Anyone already trying to divine which documentary will win the 2017 Oscar might be convinced by the last decade of honorees that it requires, at a minimum, profiling a celebrity or musician. Dawson City: Frozen Time doesn't exactly have either, although it does feature a colorful cast of characters whose fortunes (and misfortunes) come to light after a bulldozer uncovers 533 nitrate prints in the crater of a former Yukon swimming pool during the 1970s. Playing as part of MoMA's annual Academy Awards "Contenders" series, Dawson City relies nearly entirely on that found footage and minimal dialogue. Director Bill Morrison's technique lets the gold rush boomtown—the last stop on the North American circuit for nitrate films—tell its own story.

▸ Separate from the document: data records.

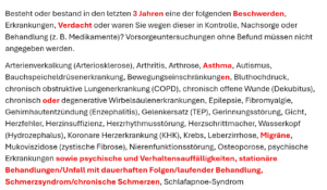 „Besteht oder bestand in den letzten 3 Jahren eine der folgenden Beschwerden, Erkrankungen, Verdacht oder waren Sie wegen dieser in Kontrolle, Nachsorge oder Behandlung (z. B. Medikamente)? Vorsorgeuntersuchungen ohne Befund müssen nicht angegeben werden.“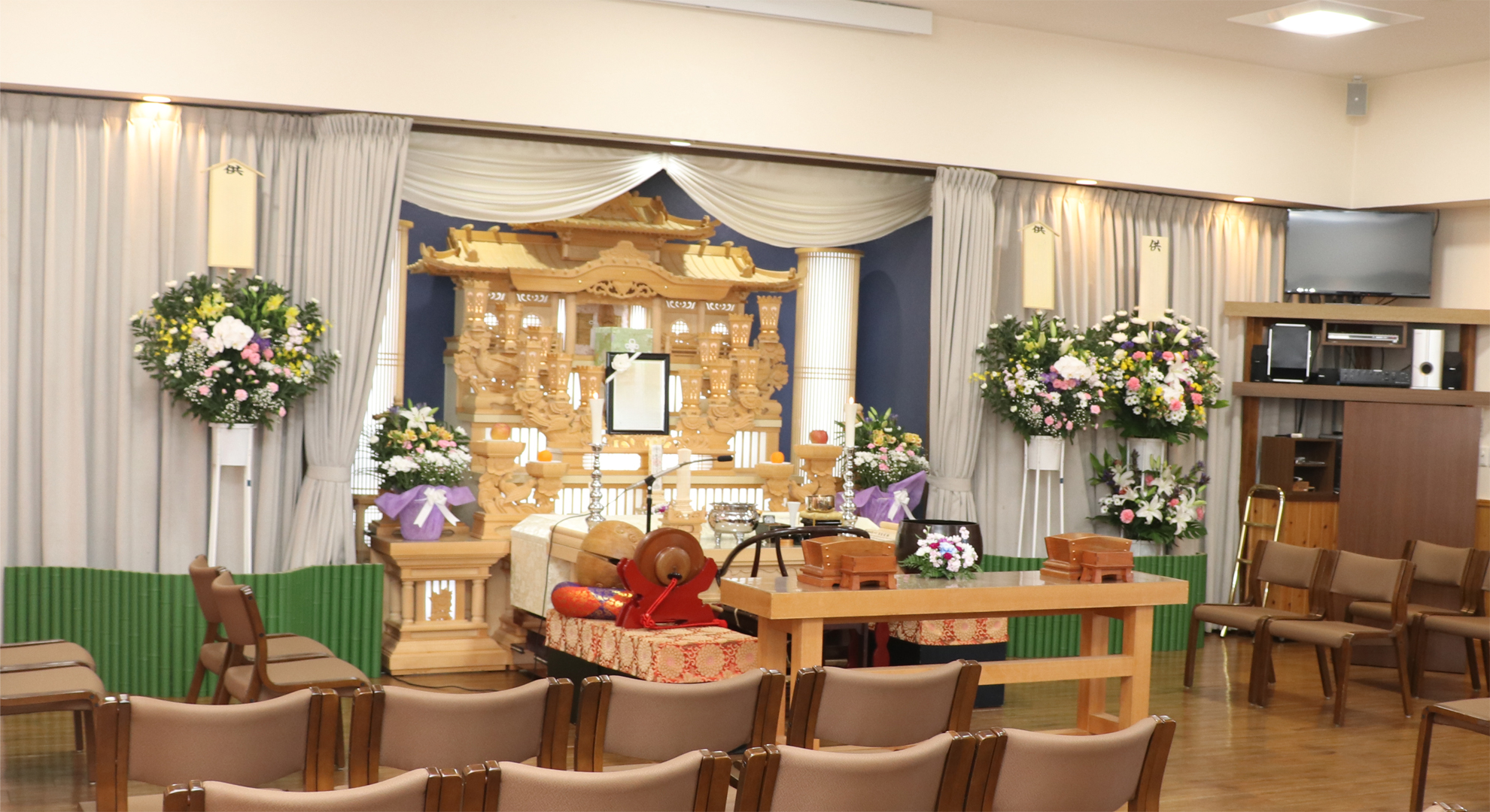 ホールは最大140名まで収容可能で、大規模な葬儀や社葬に対応しています。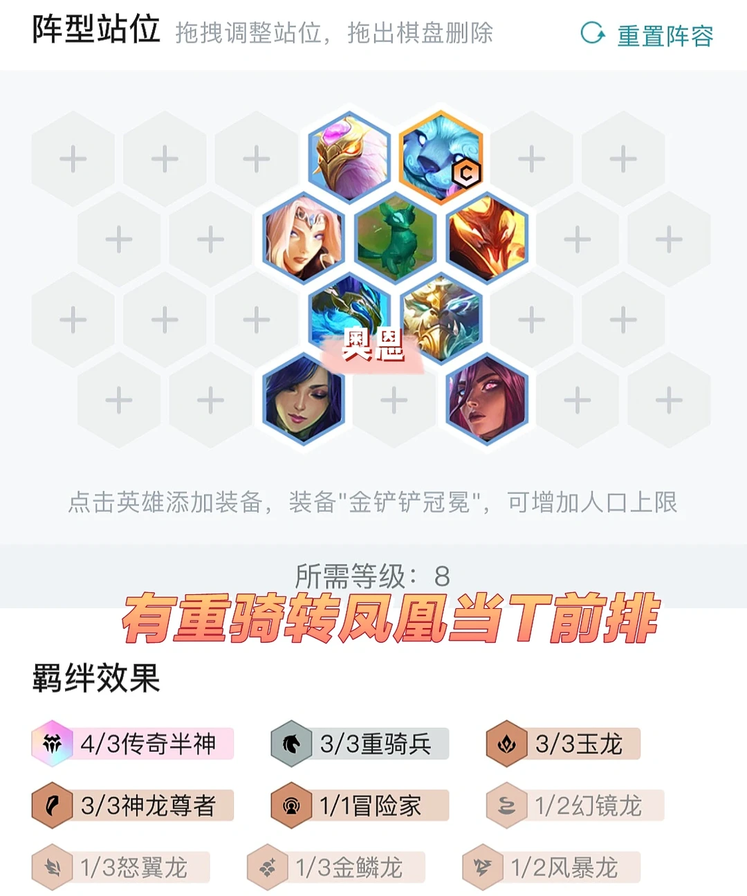 围着玉雕站就行了,如果打驯龙法师或者带巴德的阵容,凤凰奥恩可以不吃祭品,分散单位吸收伤害 控制 远比提供给凤凰奥恩收益来的高。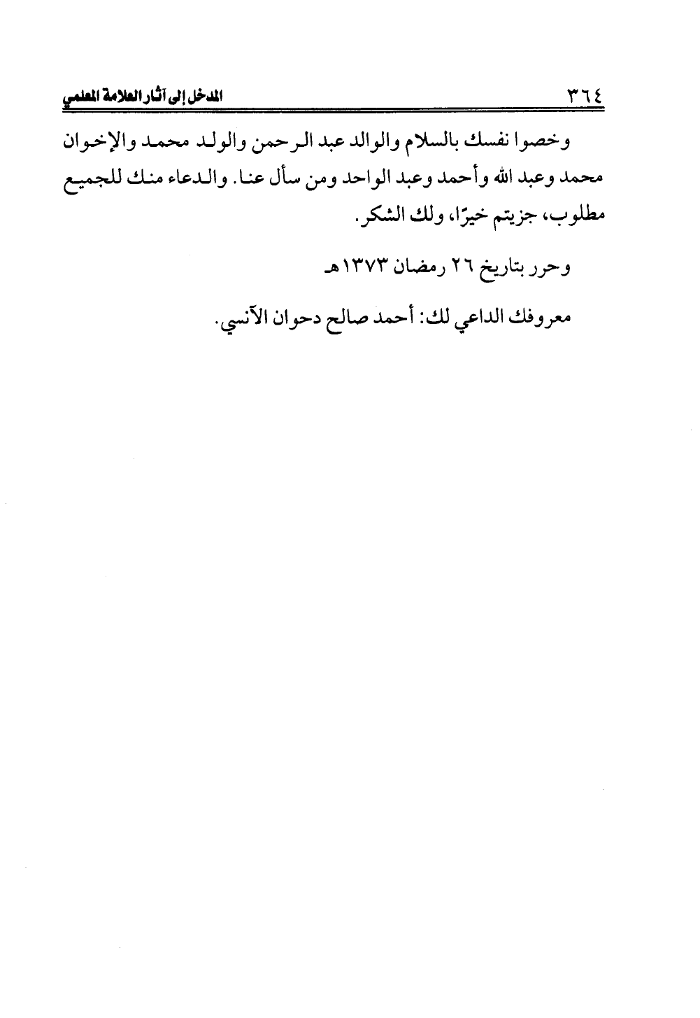 وخصوا نفسك بالسلام والوالد عبد الرحمن والولد محمد والإخوان محمد وعبد الله وأحمد وعبد الواحد ومن سأل عنا. والدعاء منك للجميع مطلوب، جزيتم خيرًا، ولك الشكر.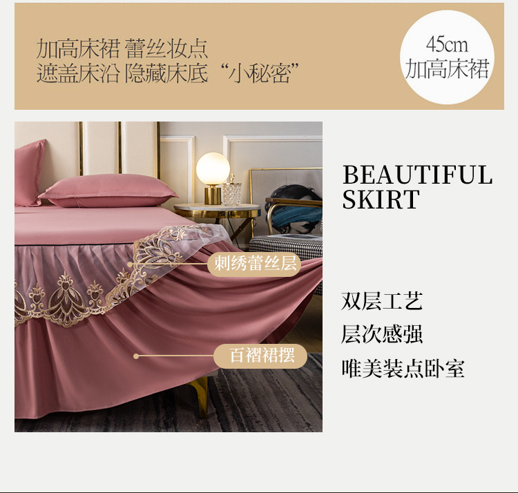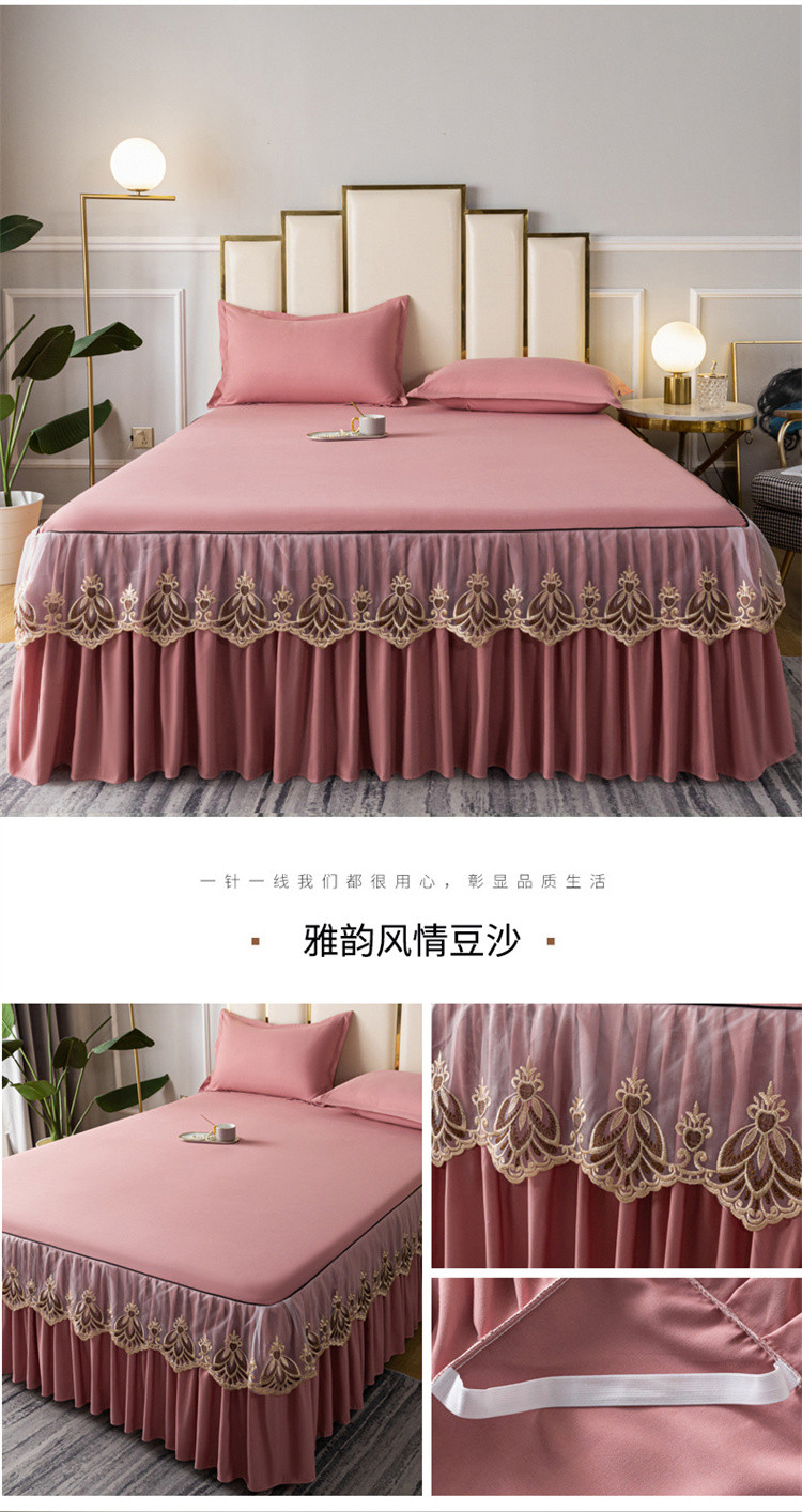 商品名称:笠裙家纺 2024新款原棉刺绣雅韵风情系列床裙 豆沙雅韵风情

What Dawson City might lack in obvious star power, though, it potentially makes up in its almost religious reverence for the physical medium of film—always a good angle with Academy voters. Playing at MoMA on 35mm, the experience might pale in comparison to what it must have been like to watch the silver sparkle of nitrate after it was painstakingly recovered and restored, but even the flicker of safety film in a crowded Manhattan theater will edge viewers closer to that initial thrill. Additionally, as the cinematic arts continue their steady march towards all things digital and VR, the curl of half-degraded reels pulled from permafrost—a discovery that, in turn, was captured on film in the 1970s — might even spark momentary despair that such a find of "digital cinema packages" will not be made at some point in the distant future.
The rare nitrate footage in Dawson City will excite any diehard cinephile — one of the most exceptional discoveries is footage from the 1919 World Series — but even casual moviegoers will find themselves invested in the boom and bust of what was truly once the wild, wild west. While much of what audiences see of the actual town of Dawson City comes from fictional films, it is a charming reminder of how much of life is art, and vice versa. While there might be bigger and flashier names in documentaries competing for the 2017 Oscar, none will have quite the unexpected molten shimmer as Dawson City.